As shown in FIG. 7, in one embodiment, obtaining a current first-style image from a first-style image set and a current second-style image from a second-style image set comprises:

step S504A, an original first-style image is obtained from the first-style image set, and an original second-style image is obtained from the second-style image set.

The image directly obtained from the first-style image set is referred to as an "original first-style image", and the image directly obtained from the second-style image set is referred to as an "original second-style image".

Step S504B, respectively performing random disturbance processing on the original first-style image and the original second-style image to obtain an adjusted first-style image and an adjusted second-style image, where the random disturbance processing includes: at least one of translation, scaling, and brightness adjustment.

Wherein the random perturbation process comprises at least one of translation, scaling and brightness adjustment of the image. In order to enable samples in the training data set to have diversity, after the original first style image and the original second style image are obtained, random disturbance processing is respectively carried out on the original first style image and the original second style image. The adjustment of the first style image refers to an image obtained by performing random disturbance processing on the original first style image. The second style image is adjusted by randomly disturbing the original second style image.

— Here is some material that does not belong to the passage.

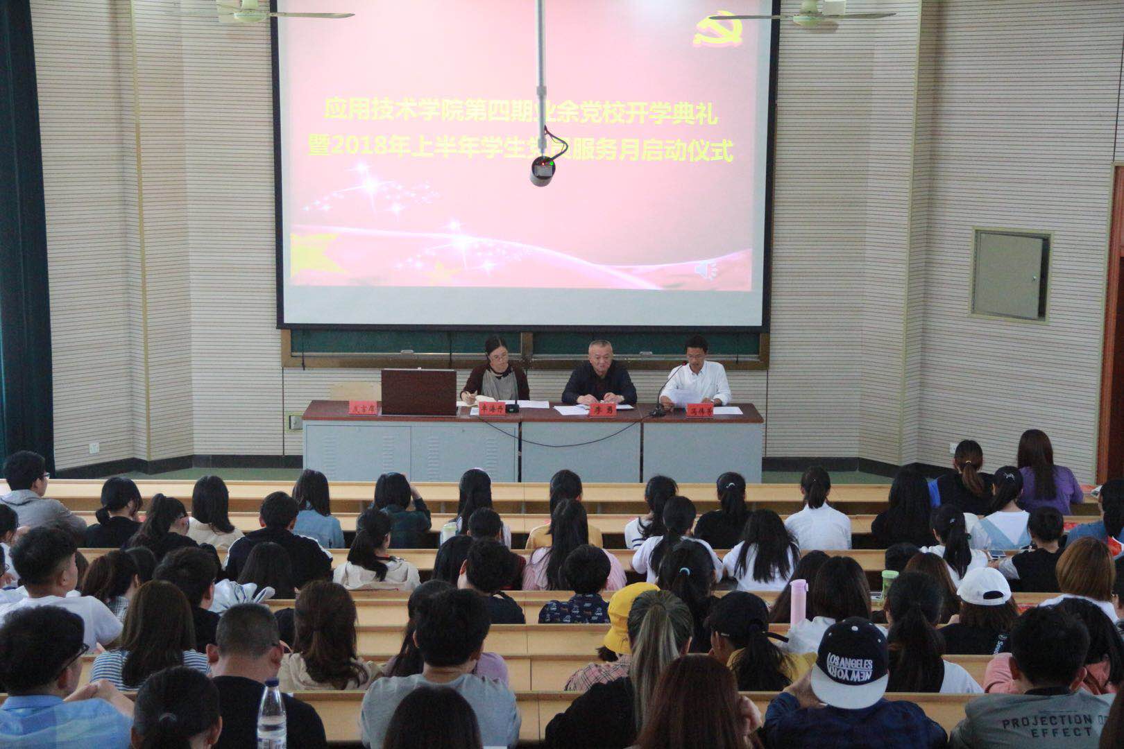 2018年5月4日中午,学院第四期业余党校开学典礼暨2018上半年学生党员服务月启动仪式在阶梯教室一顺利举行,学院党总支书记、院长李勇,党总支副书记冯伟芳出席典礼,59名第四期党校学员、51名入党积极分子、13名学生党员参加,学工办主任兼团总支书记卓海丹主持。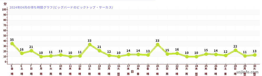 • ビッグバードのビックトップ・サーカス$B$N(B2024年04月01日のの一日平均待ち時間

In step S504C, the first-style image is adjusted to be the current first-style image, and the second-style image is adjusted to be the current second-style image.

And taking the adjusted first style image obtained through random disturbance processing as a current first style image, and taking the adjusted second style image as a current second style image. Namely, the first style image is adjusted to be input into the forward face image conversion model, and the second style image is adjusted to be input into the reverse face image conversion model.

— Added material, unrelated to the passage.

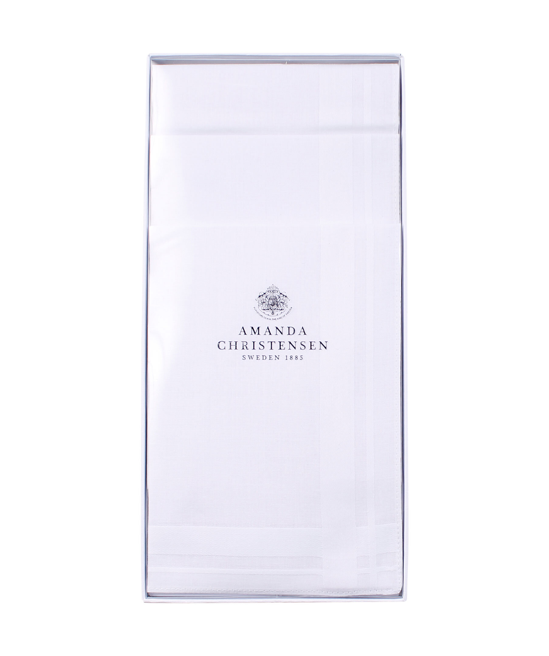 3-pack vita handkerchief från Amanda Christensen. Näsdukarna har vita ränder längs kanterna. Tillverkade i 100% bomull. Mått: 40 x 40 cm.

In one embodiment, after acquiring the current image to be processed, the current image to be processed includes a face, the method further includes: identifying the face in the current image to be processed to obtain face characteristic points; and extracting a face image from the current image to be processed according to the face characteristic point, and taking the extracted face image as the current image to be processed.

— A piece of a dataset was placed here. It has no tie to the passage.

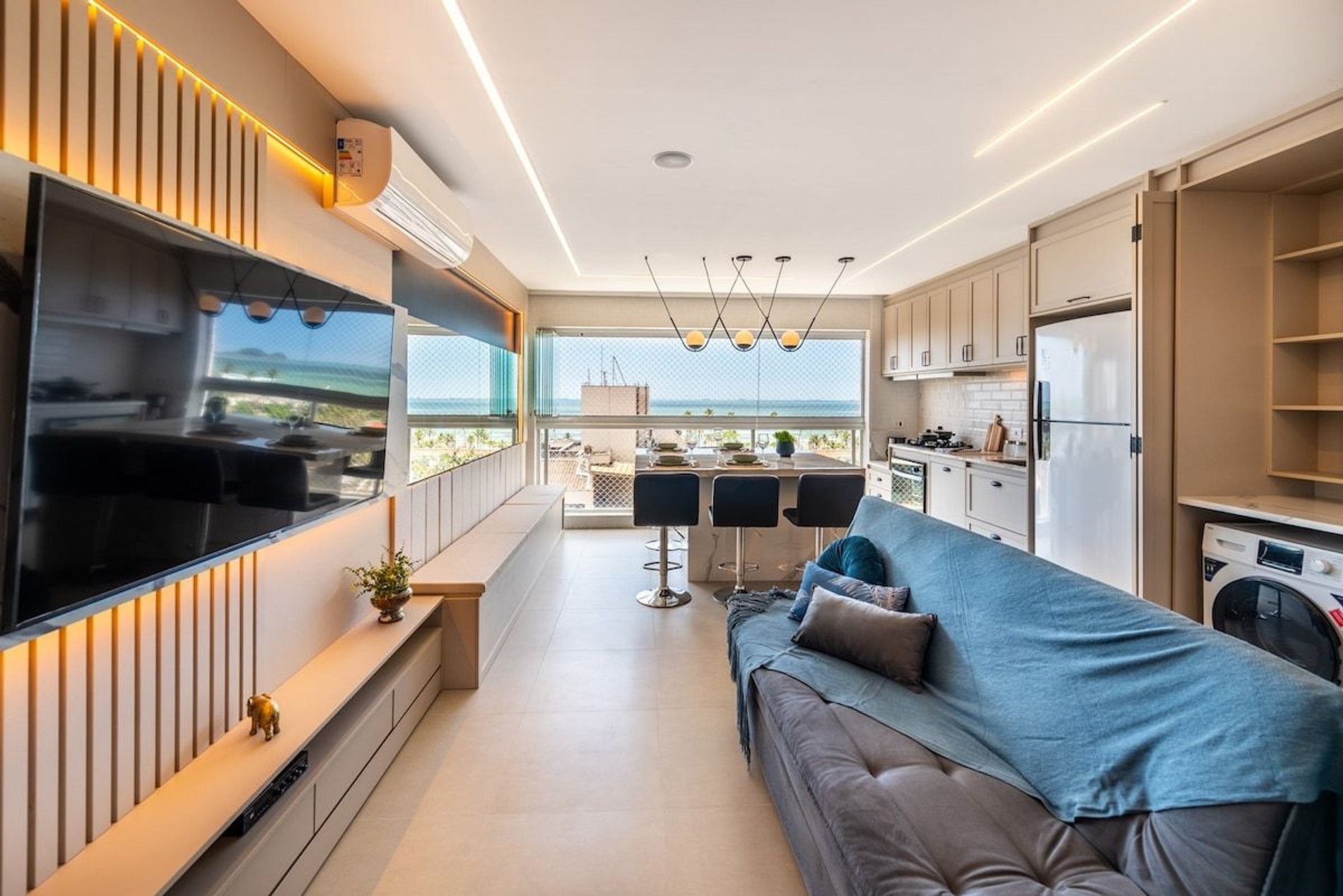 Este incrível apartamento está localizado na Praia da Enseada, em Guarujá, e oferece uma vista panorâmica deslumbrante do mar, garantindo uma experiência única de relaxamento e beleza natural. O apartamento é ideal para famílias.

The face can be recognized by adopting a face recognition model, and the face recognition model can be obtained by adopting convolutional neural network model training. The facial feature points include feature points representing the outline and five sense organs of the face. Therefore, the face image can be extracted from the current image to be processed according to the face feature points, and the extracted face image is used as the current image to be processed, namely the extracted face image is used as the input of the target face image conversion model.

In one embodiment, extracting a face image from a current image to be processed according to the face feature points comprises: determining the positions of two eyes according to the eye feature points in the face feature points; when the positions of the two eyes are not on the same horizontal line, rotating the current image to be processed to enable the positions of the two eyes to be on the same horizontal line to obtain an intermediate image; determining a clipping frame corresponding to the face image according to the face feature points in the intermediate image; a face image is extracted from the intermediate image according to the cropping frame.

The positions of the eyes are calculated according to the coordinates of the eye feature points in the face feature points, whether the positions of the two eyes are on the same horizontal line or not is judged, if the positions of the two eyes are not on the same horizontal line, the face is inclined, the positions of the two eyes can be on the same horizontal line by selecting the current image to be processed, and the image after rotation is called as an intermediate image. Then, a clipping frame corresponding to the face image is determined according to the feature points of the face contour in the face feature points in the intermediate image, and the face image is extracted from the intermediate image according to the clipping frame.

In one embodiment, the first style refers to a real style of an image directly captured by the camera; the second style refers to a virtual animation style.

The first-style image may be a real-style image directly captured by the camera. For example, an image pickup device (e.g., a camera) is used to capture a face, and the obtained face image is the first style image. The second-style image is a virtual cartoon-style image, such as a two-dimensional character-style image.

As shown in fig. 8, in one embodiment, the target face conversion model includes a downsampled convolutional layer, a residual convolutional layer, and an upsampled convolutional layer;

inputting an image to be processed into a trained target face image conversion model, wherein the method comprises the following steps:

step S204A is to take the image to be processed as an input of a downsampling convolutional layer, where the downsampling convolutional layer is used to perform downsampling convolution calculation on the face image in the image to be processed to obtain a first face feature matrix.

The downsampling convolution layer is used for carrying out downsampling convolution calculation on the face image in the image to be processed. The effect of using the convolutional layer is to convert the image from a high resolution image to a low resolution image. Namely, the first face feature matrix obtained by the downsampling convolution calculation is a low-resolution image, and the calculation amount of the subsequent convolution is favorably reduced by obtaining the low-resolution image.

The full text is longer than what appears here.